======== Provided records

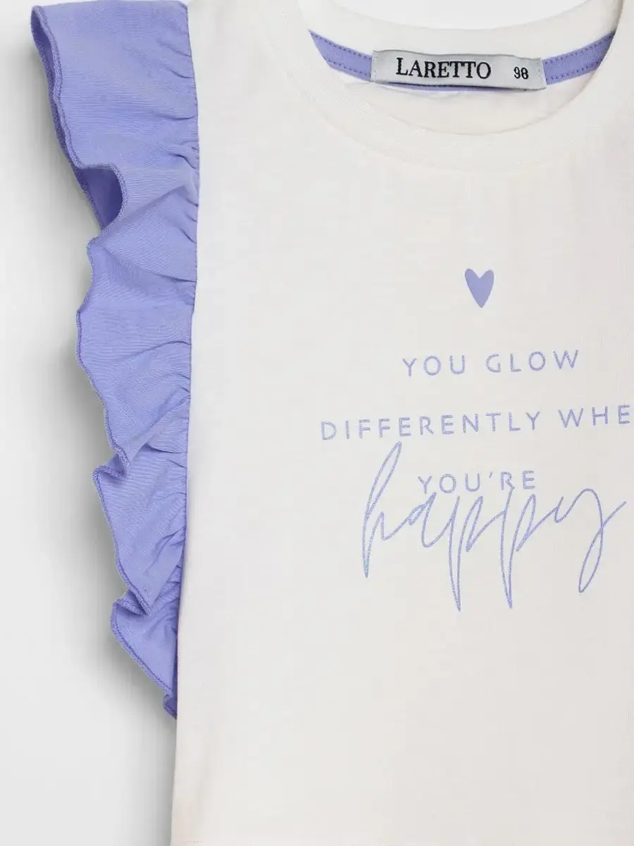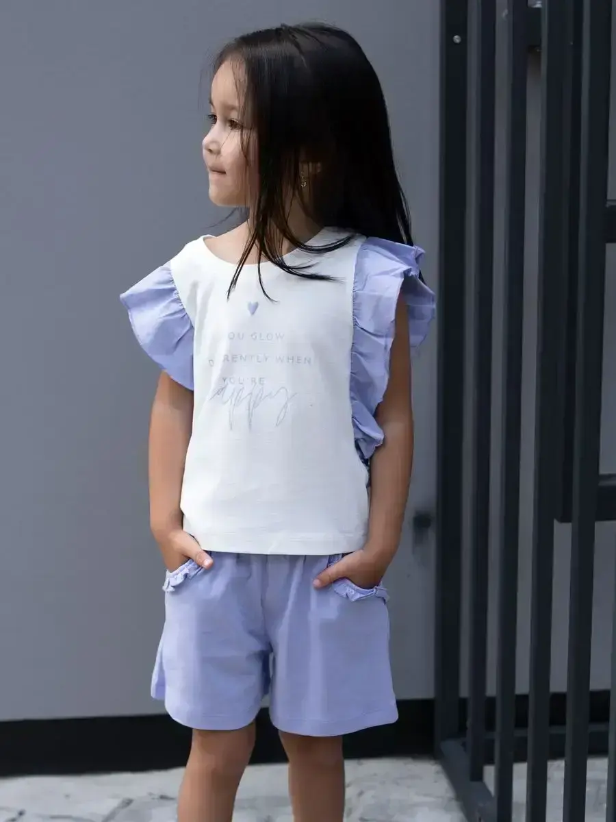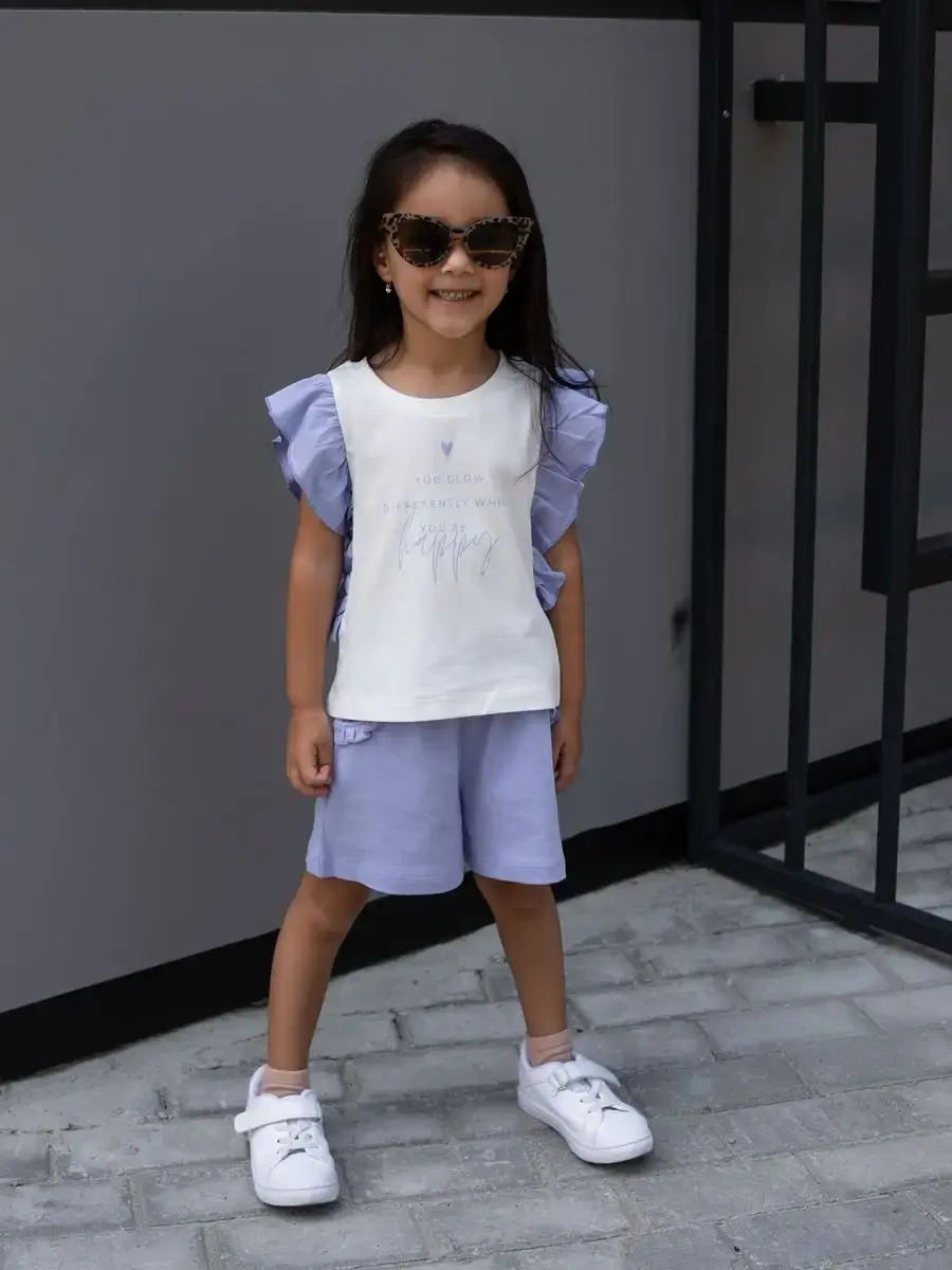Костюм для девочки летний от бренда LARETTO непременно станет фаворитом в гардеробе Вашего ребенка! Трикотажная футболка с шортами - самая подходящая одежда на лето для детского сада, активного отдыха на природе, путешествий, похода в кино, гости или на праздник. Одежда для девочки выполнена из нежнейшего хлопка, невероятно мягкая и дышащая, имеет рюши на шортах и на топе, короткий рукав и принт в виде надписи. Демисезонный комплект для детей lareto из майки и шорт максимально удобен, прилегает к телу и не сковывает движения. Одежда детская для малыша без застежек, поэтому Ваш ребенок сможет одеваться самостоятельно. Независимо от того, хотите ли вы использовать этот костюм осенью, весной или летом, он будет легким и комфортным. Эта двойка для тех, кто ищет стильную одежду для детей! Не упустите возможность приобрести товар для вашего ребенка уже сегодня! Приятных Вам покупок!
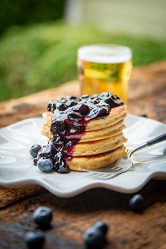 Ricotta Beer Pancakes with Blueberry Basil Syrup Evening pancakes are the best ones, but —hear me out— not for dinner.
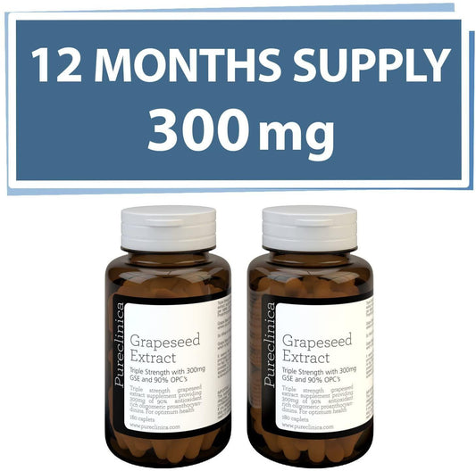 Grape Seed Extract - 300mg x 360 Tablets - 90% Oligomeric Proanthocyanidins. Don't Settle for The Much Weaker 50% OPC or 100mg Tablets. SKU: GSE3x2
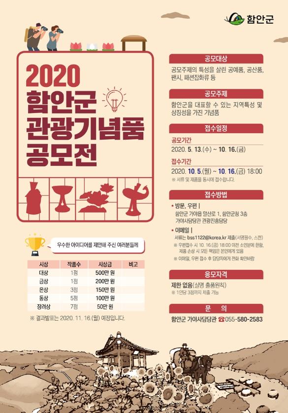 함안군은 창의적이고 우수한 관광기념품을 발굴하고 여행하기 좋은 함안을 알리기 위한 관광마케팅 활용을 위해 2020년도 함안군 관광기념품 공모전을 개최하고 오는 16일까지 제품을 접수받는다.
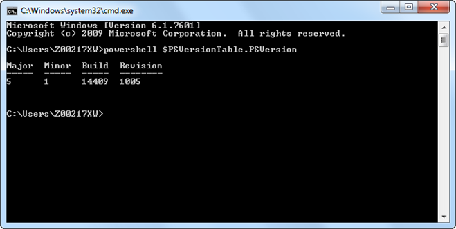 - At the command prompt, type powershell $PSVersionTable.PSVersion.
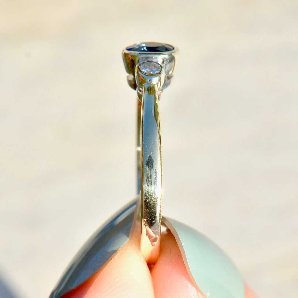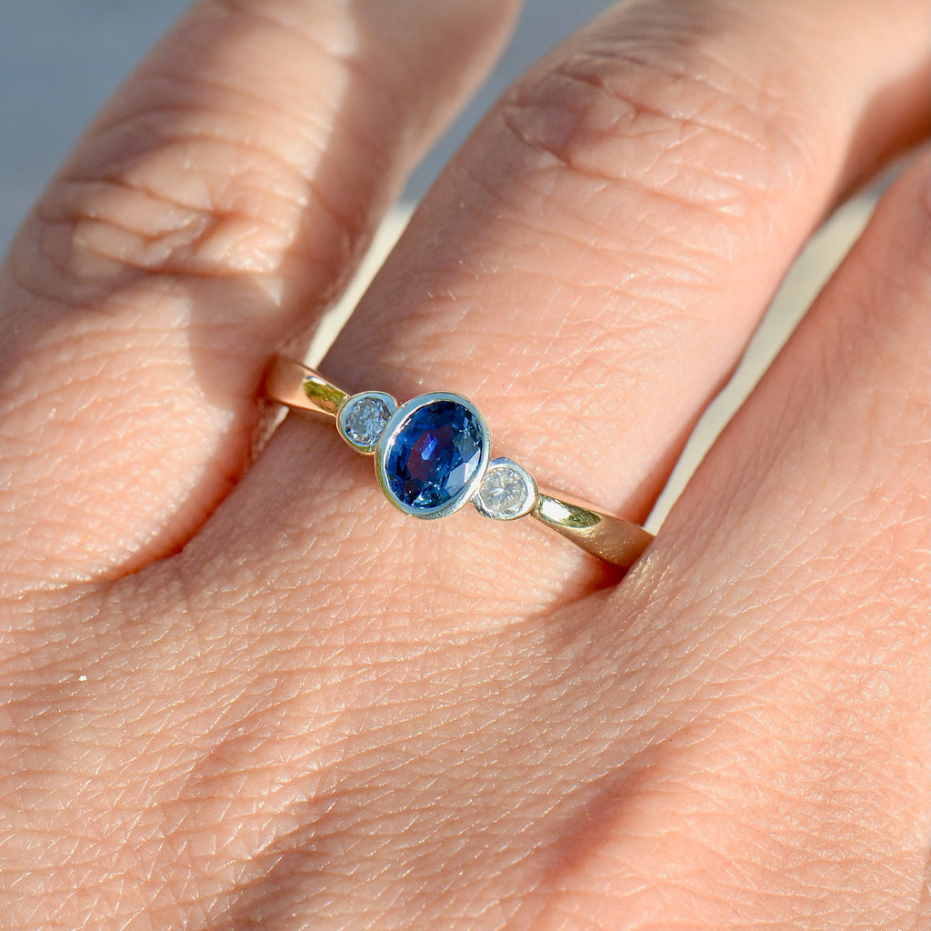 This beautiful vintage trilogy ring features a striking natural sapphire at its centre, flanked by two sparkling diamonds in a timeless three-stone design. The sapphire displays a lovely medium blue colour, highly sought after for its soft yet vibrant tone, and is securely bezel-set for both elegance and durability.

================

- **What needs to be done**:
Only the text of the records belongs in your answer, repeated exactly; the pictures stay out.

- **Task result**:
Костюм для девочки летний от бренда LARETTO непременно станет фаворитом в гардеробе Вашего ребенка! Трикотажная футболка с шортами - самая подходящая одежда на лето для детского сада, активного отдыха на природе, путешествий, похода в кино, гости или на праздник. Одежда для девочки выполнена из нежнейшего хлопка, невероятно мягкая и дышащая, имеет рюши на шортах и на топе, короткий рукав и принт в виде надписи. Демисезонный комплект для детей lareto из майки и шорт максимально удобен, прилегает к телу и не сковывает движения. Одежда детская для малыша без застежек, поэтому Ваш ребенок сможет одеваться самостоятельно. Независимо от того, хотите ли вы использовать этот костюм осенью, весной или летом, он будет легким и комфортным. Эта двойка для тех, кто ищет стильную одежду для детей! Не упустите возможность приобрести товар для вашего ребенка уже сегодня! Приятных Вам покупок!
 Ricotta Beer Pancakes with Blueberry Basil Syrup Evening pancakes are the best ones, but —hear me out— not for dinner.
 Grape Seed Extract - 300mg x 360 Tablets - 90% Oligomeric Proanthocyanidins. Don't Settle for The Much Weaker 50% OPC or 100mg Tablets. SKU: GSE3x2
 함안군은 창의적이고 우수한 관광기념품을 발굴하고 여행하기 좋은 함안을 알리기 위한 관광마케팅 활용을 위해 2020년도 함안군 관광기념품 공모전을 개최하고 오는 16일까지 제품을 접수받는다.
 - At the command prompt, type powershell $PSVersionTable.PSVersion.
 This beautiful vintage trilogy ring features a striking natural sapphire at its centre, flanked by two sparkling diamonds in a timeless three-stone design. The sapphire displays a lovely medium blue colour, highly sought after for its soft yet vibrant tone, and is securely bezel-set for both elegance and durability.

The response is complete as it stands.